<<<<

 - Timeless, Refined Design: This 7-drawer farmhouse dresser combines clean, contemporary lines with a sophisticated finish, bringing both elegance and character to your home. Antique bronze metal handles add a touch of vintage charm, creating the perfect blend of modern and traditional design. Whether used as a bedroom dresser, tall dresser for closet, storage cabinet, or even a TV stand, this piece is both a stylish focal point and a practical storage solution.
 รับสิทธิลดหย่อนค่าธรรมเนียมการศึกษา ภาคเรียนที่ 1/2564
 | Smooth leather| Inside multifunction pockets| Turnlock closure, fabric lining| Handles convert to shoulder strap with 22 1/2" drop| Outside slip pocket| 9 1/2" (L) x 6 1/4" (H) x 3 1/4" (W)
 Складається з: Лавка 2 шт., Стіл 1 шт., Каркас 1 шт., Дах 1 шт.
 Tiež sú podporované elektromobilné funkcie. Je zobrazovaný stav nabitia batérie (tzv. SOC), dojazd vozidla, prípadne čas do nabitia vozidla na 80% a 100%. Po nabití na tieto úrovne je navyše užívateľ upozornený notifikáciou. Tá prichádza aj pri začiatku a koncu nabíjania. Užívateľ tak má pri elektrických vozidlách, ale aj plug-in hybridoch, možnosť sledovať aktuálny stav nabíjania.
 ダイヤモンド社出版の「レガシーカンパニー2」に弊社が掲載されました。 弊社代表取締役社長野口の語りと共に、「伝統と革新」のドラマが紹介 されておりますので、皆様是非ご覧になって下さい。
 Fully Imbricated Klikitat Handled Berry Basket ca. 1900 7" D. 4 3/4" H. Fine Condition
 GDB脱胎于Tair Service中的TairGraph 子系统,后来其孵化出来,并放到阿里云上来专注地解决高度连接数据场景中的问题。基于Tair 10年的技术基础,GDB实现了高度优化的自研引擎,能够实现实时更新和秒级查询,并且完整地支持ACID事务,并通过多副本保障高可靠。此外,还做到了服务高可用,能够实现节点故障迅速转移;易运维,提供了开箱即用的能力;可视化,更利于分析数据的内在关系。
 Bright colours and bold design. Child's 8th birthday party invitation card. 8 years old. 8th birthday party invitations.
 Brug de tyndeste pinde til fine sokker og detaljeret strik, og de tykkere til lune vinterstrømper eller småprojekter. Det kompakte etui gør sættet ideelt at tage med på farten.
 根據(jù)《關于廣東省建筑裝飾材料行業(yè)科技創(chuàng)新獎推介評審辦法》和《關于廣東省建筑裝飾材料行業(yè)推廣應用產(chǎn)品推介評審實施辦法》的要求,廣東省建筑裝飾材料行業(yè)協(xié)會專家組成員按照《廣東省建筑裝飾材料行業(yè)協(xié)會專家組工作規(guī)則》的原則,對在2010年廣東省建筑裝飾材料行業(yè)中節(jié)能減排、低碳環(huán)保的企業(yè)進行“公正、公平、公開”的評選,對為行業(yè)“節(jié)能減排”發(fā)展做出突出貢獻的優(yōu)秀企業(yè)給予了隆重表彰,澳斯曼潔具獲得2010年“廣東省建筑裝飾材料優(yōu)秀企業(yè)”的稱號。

>>>>

### HOW TO COMPLETE THIS TASK
Both the first line of the data above and the line with "Складається з: Лавка" must be included; please return exactly those lines and the ones between them.

### YOUR RESPONSE
 - Timeless, Refined Design: This 7-drawer farmhouse dresser combines clean, contemporary lines with a sophisticated finish, bringing both elegance and character to your home. Antique bronze metal handles add a touch of vintage charm, creating the perfect blend of modern and traditional design. Whether used as a bedroom dresser, tall dresser for closet, storage cabinet, or even a TV stand, this piece is both a stylish focal point and a practical storage solution.
 รับสิทธิลดหย่อนค่าธรรมเนียมการศึกษา ภาคเรียนที่ 1/2564
 | Smooth leather| Inside multifunction pockets| Turnlock closure, fabric lining| Handles convert to shoulder strap with 22 1/2" drop| Outside slip pocket| 9 1/2" (L) x 6 1/4" (H) x 3 1/4" (W)
 Складається з: Лавка 2 шт., Стіл 1 шт., Каркас 1 шт., Дах 1 шт.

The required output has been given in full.